■ **Task directions**
Once the line with "Mutfak ve diğer" is found in the data, output it and each following line exactly, up to and including the line with "実際に簡易トイレを組み立ててみたり、担架で人を運んだりもしました。", and nothing before or after.

■ **Stored data**
---
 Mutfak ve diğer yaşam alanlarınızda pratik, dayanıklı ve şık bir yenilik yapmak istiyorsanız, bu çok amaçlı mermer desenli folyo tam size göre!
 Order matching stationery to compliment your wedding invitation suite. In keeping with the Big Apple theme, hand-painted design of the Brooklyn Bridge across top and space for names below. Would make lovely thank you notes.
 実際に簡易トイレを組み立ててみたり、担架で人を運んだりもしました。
---
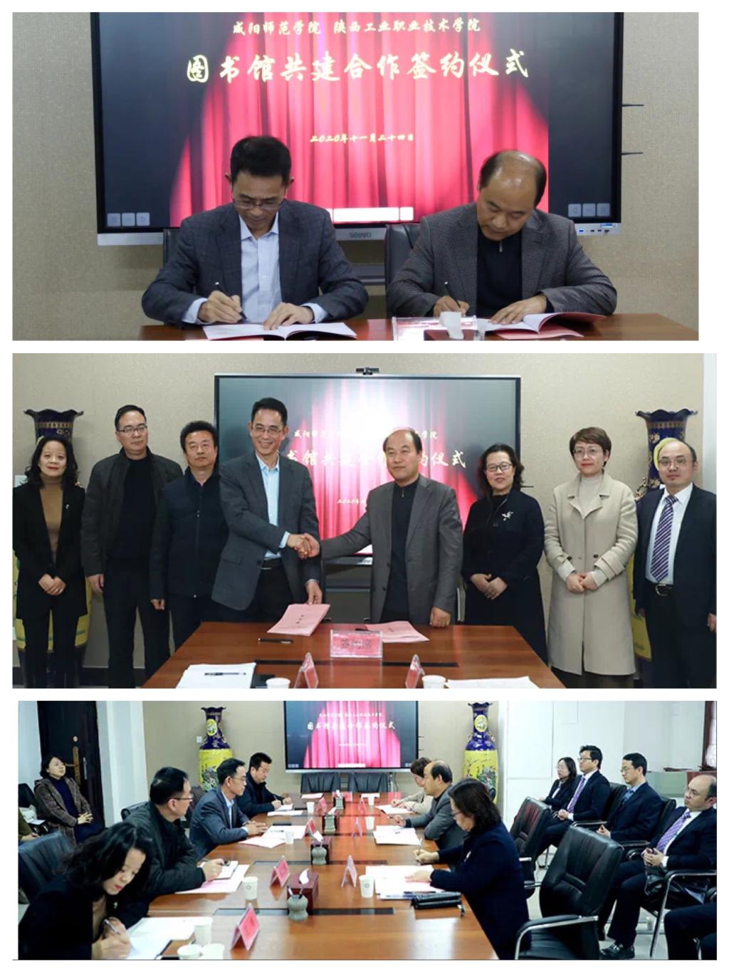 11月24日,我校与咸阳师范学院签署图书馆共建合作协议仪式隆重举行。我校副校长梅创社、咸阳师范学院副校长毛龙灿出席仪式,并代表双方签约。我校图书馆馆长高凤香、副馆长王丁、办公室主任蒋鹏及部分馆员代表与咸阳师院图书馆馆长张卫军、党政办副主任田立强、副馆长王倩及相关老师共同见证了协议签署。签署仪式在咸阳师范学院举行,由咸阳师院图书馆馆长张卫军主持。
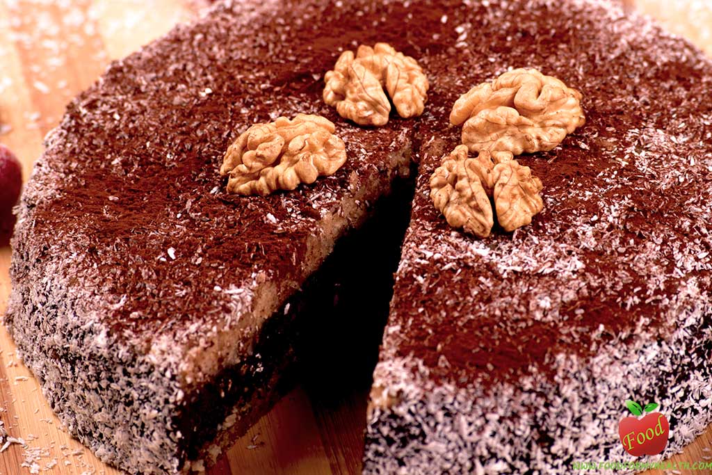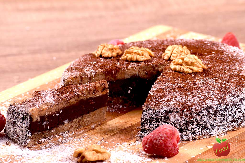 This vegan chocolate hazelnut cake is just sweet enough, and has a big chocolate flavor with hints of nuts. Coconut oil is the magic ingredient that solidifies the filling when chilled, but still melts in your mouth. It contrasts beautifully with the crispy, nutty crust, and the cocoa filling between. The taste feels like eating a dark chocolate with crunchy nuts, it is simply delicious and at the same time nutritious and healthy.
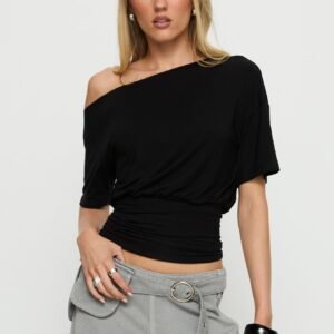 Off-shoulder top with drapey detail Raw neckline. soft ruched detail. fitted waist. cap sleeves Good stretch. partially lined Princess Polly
---
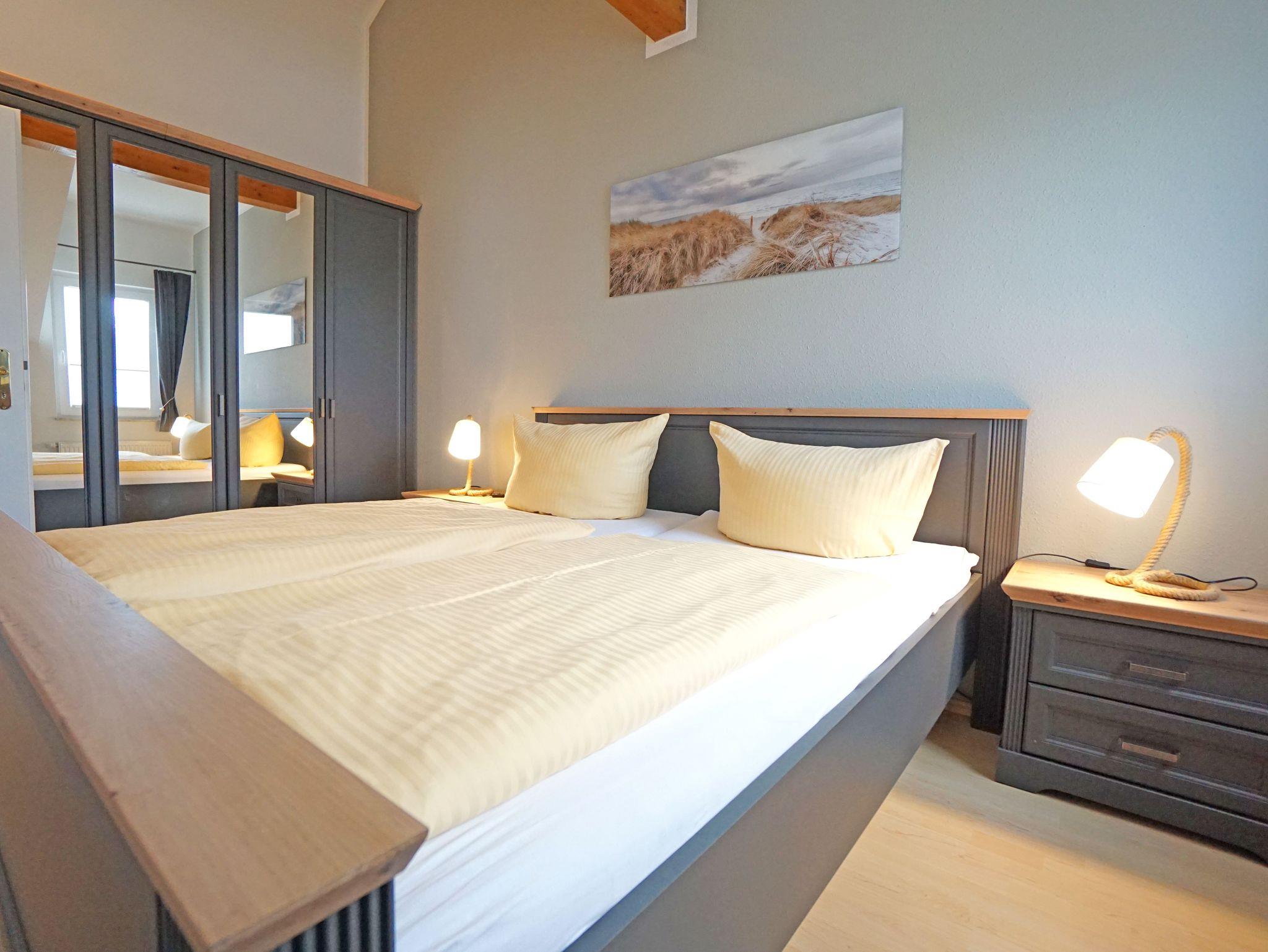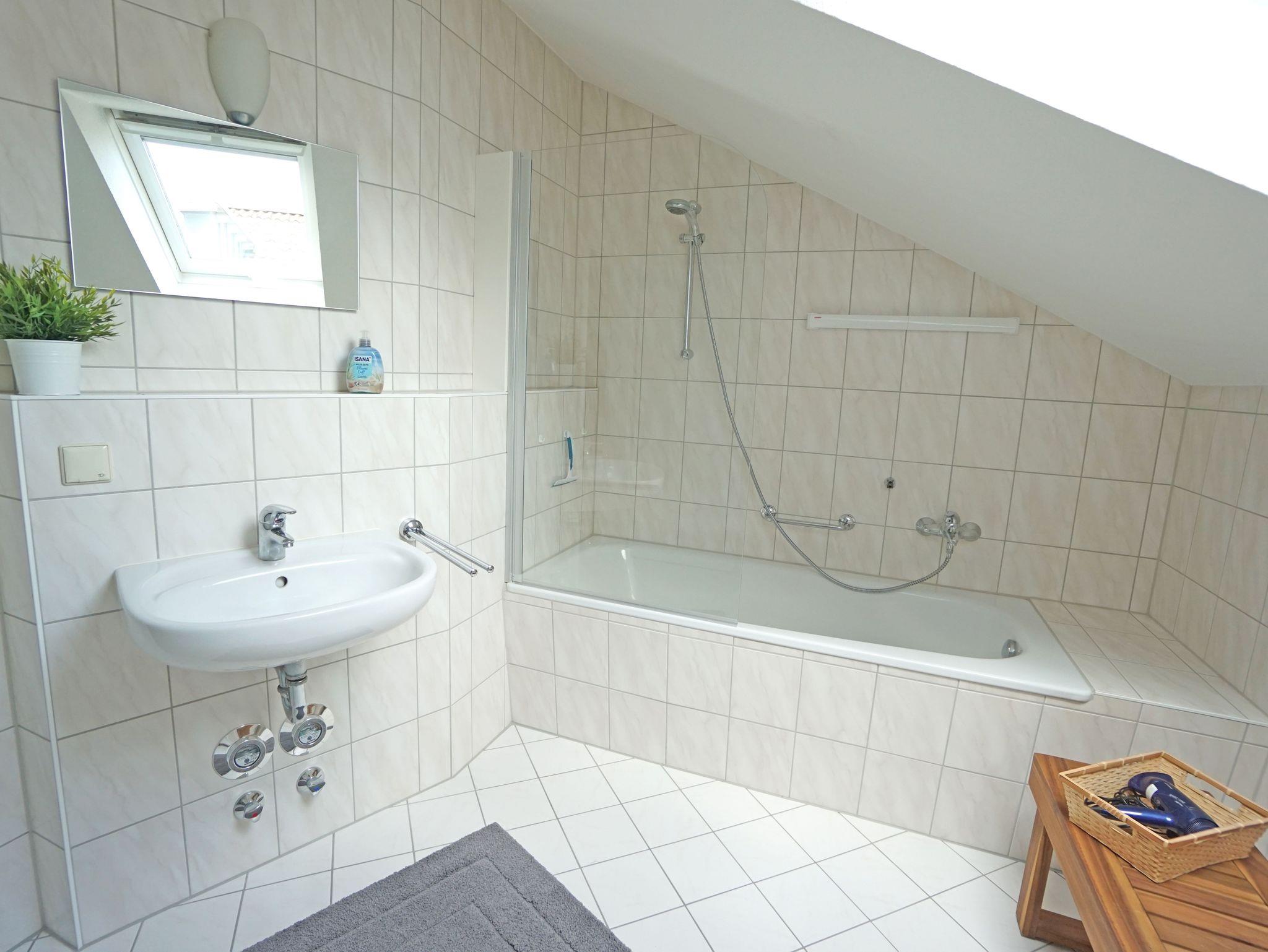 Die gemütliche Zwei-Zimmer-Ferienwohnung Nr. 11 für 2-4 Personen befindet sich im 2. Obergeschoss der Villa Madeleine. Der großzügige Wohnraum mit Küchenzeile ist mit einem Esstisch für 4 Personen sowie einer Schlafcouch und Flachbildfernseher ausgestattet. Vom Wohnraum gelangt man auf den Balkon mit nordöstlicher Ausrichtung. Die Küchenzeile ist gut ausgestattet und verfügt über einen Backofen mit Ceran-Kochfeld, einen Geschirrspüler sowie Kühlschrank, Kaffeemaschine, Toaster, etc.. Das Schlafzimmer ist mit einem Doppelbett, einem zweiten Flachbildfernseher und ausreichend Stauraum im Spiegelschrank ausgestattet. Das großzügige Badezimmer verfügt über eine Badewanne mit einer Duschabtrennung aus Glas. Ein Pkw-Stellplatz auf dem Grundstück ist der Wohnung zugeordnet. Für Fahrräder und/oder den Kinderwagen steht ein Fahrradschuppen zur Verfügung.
---
■ **Solution below**
 Mutfak ve diğer yaşam alanlarınızda pratik, dayanıklı ve şık bir yenilik yapmak istiyorsanız, bu çok amaçlı mermer desenli folyo tam size göre!
 Order matching stationery to compliment your wedding invitation suite. In keeping with the Big Apple theme, hand-painted design of the Brooklyn Bridge across top and space for names below. Would make lovely thank you notes.
 実際に簡易トイレを組み立ててみたり、担架で人を運んだりもしました。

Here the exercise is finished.